# cap usage limiter



## h3llb3nd4 (May 31, 2009)

Is there any program which allows the limitation of cap used over a series of PCs??
I know there is a bandwidth limiter but I can't find a Usage Limiter.


----------



## FordGT90Concept (May 31, 2009)

Usage as in % of CPU clocks?  It is permanently capped at 100% per core.  The only way one can really alter that is by changing the priority on the thread.


----------



## RadeonX2 (Jun 1, 2009)

I think he meant bandwidth usage capping for his Internet. If you have a router that has the ability to limit the bandwidth usage of each PC it would be better and easier.

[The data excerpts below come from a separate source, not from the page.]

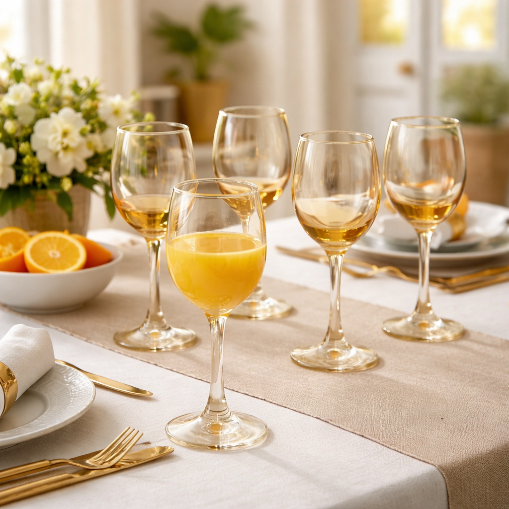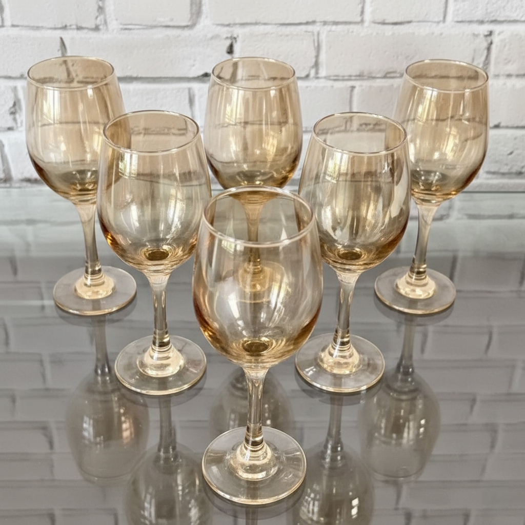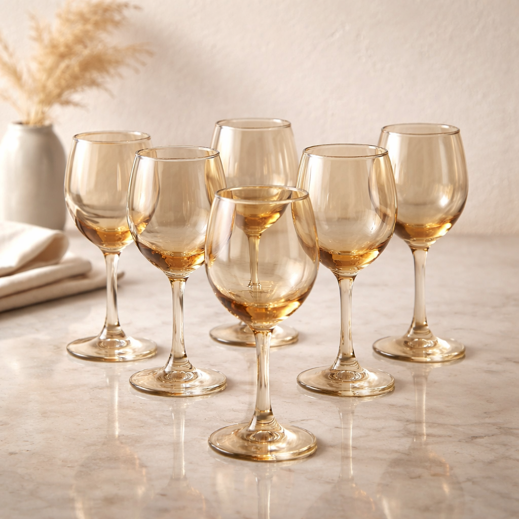 طقم كاسات زجاج أنيق بتصميم فاخر ولمسة ذهبية راقية تضيف لمسة فخامة إلى مائدتك. مصنوعة من زجاج شفاف بجودة عالية مع تدرج ذهبي جذاب يعكس الإضاءة بشكل جميل، مما يجعلها مثالية للتقديم في المناسبات والعزائم.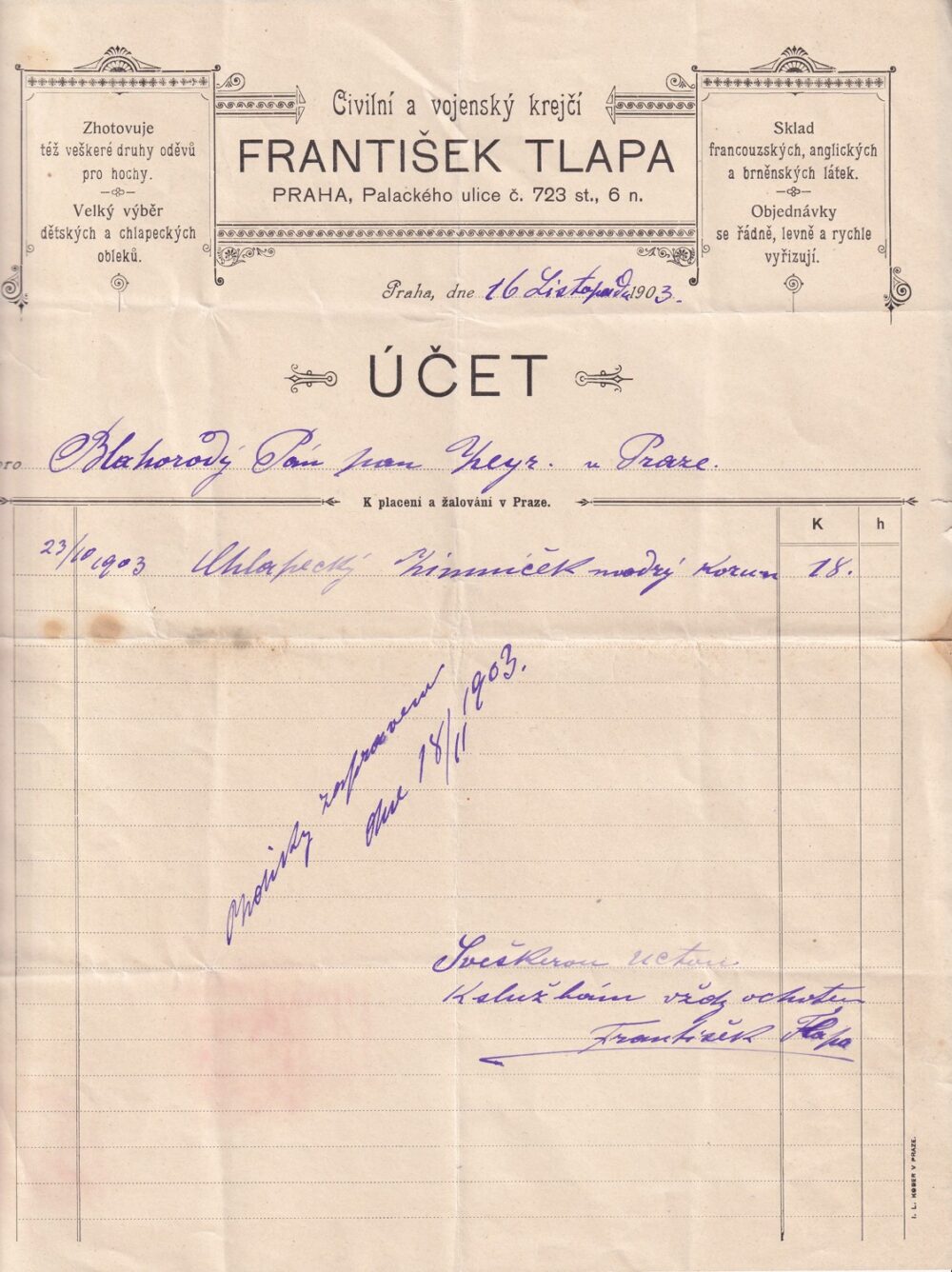 Účet Civilní a vojenský krejčí František Tlapa – chlapecký zimníček 1903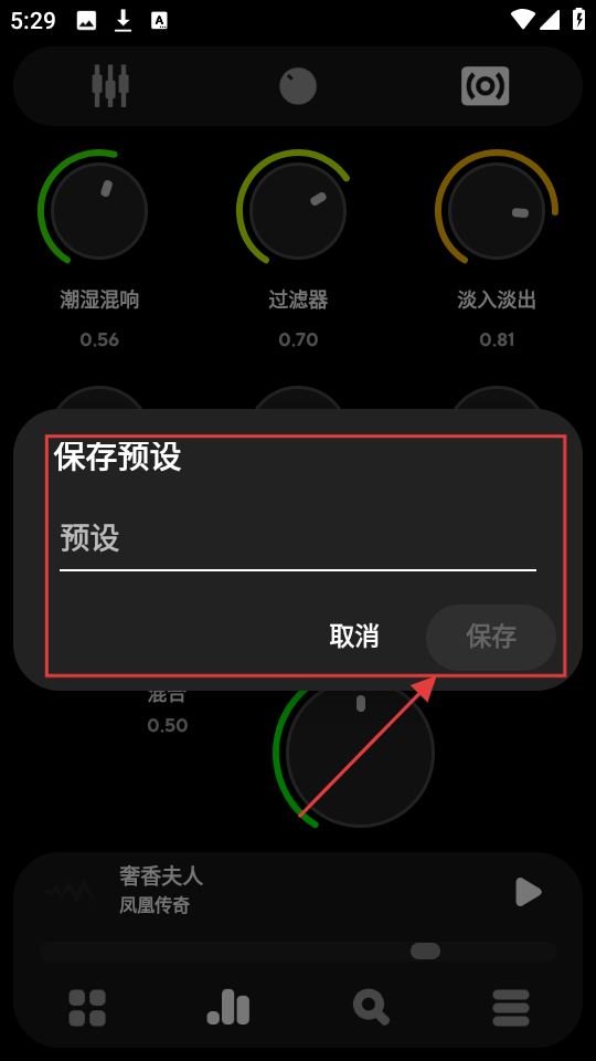 4、点击【保存】后,会弹出【保存预设】窗口,输入预设名称,再点击【保存】,就能把这个音效预设存下来啦。

I don't know any program/software that can cap bandwidth.


----------



## phanbuey (Jun 1, 2009)

what do you mean by "usage limit"... like loggin the person off after a certain amount of time?


----------



## qubit (Jun 1, 2009)

If you're happy to roll your own firewall, like I do, IPCop has a handy bandwidth limiting function, as well as professional grade features and security.

It's based on Linux and you need to use a spare PC (an old Pentium 2 is fine) which it takes over completely.

Best of all, it's completely free.

Get it at *www.ipcop.org*


----------



## RadeonX2 (Jun 1, 2009)

misread "the usage limiter" lol. I think he meant a program to determine a PC's uptime?


----------